Решив, что не стоит и пытаться распродать свой товар, юная продавщица спустилась в метро на ближайшей станции — Ситэ́. На станции Барбэ́с она пересела, вышла у площади Пига́ль и через полчаса, напевая песенку, шла вверх по направлению к саду на улице Норвен.

Дела ее обстояли как нельзя лучше. Адвокат Мартэн ее похвалила. Бишу поправился, посвежел, скоро можно будет отдать его в школу. Марсиане с каждым днем все больше привыкали к ней; может быть, ей удастся когда-нибудь полностью завоевать доверие Танка? И, наконец, не далее чем вчера мадам Троньон подарила своей племяннице маленькую цветочную вазочку, найденную в кухонном шкафу. Это был, несомненно, последний трофей, уцелевший от игорных похождений тетки на ярмарках, но зато первый ее подарок!
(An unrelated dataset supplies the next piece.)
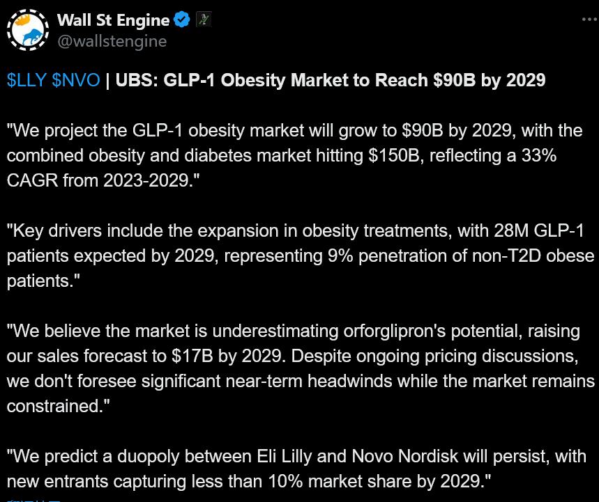 瑞银集团预测,礼来和诺和诺德之间的双头垄断将持续下去,到 2029 年,新进入者占据的市场份额将低于 10%。
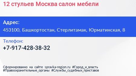 12 стульев-Москва, салон мебели по адресу 453100, Башкортостан, Стерлитамак, Юрматинская, 8 в дальнейшем Организация, размещена в следующих категориях:

Был день святой Агнесы — именины матери Фаншетты. Девочка купила букетик анемонов, чтобы обновить свою вазочку и украсить цветами прикрепленный к стене над камином портрет. По правде говоря, это была всего-навсего плохая любительская фотография, но молодая женщина, которая с этого портрета улыбалась, приносила девочке утешение в самые тяжелые минуты жизни.

Прежде чем войти в дом, девочка позвала малыша, игравшего с рыжей кошкой в глубине липовой аллеи:

— Иди руки мыть, Бишу!

Затем оба свернули в узкий коридор, который вел в их комнату. Открыв дверь, Фаншетта, как всегда, поискала глазами портрет, словно для того, чтобы с ним поздороваться, и как вкопанная остановилась на пороге:

вернуться

20

Фаншон — ласкательное от Фаншетта.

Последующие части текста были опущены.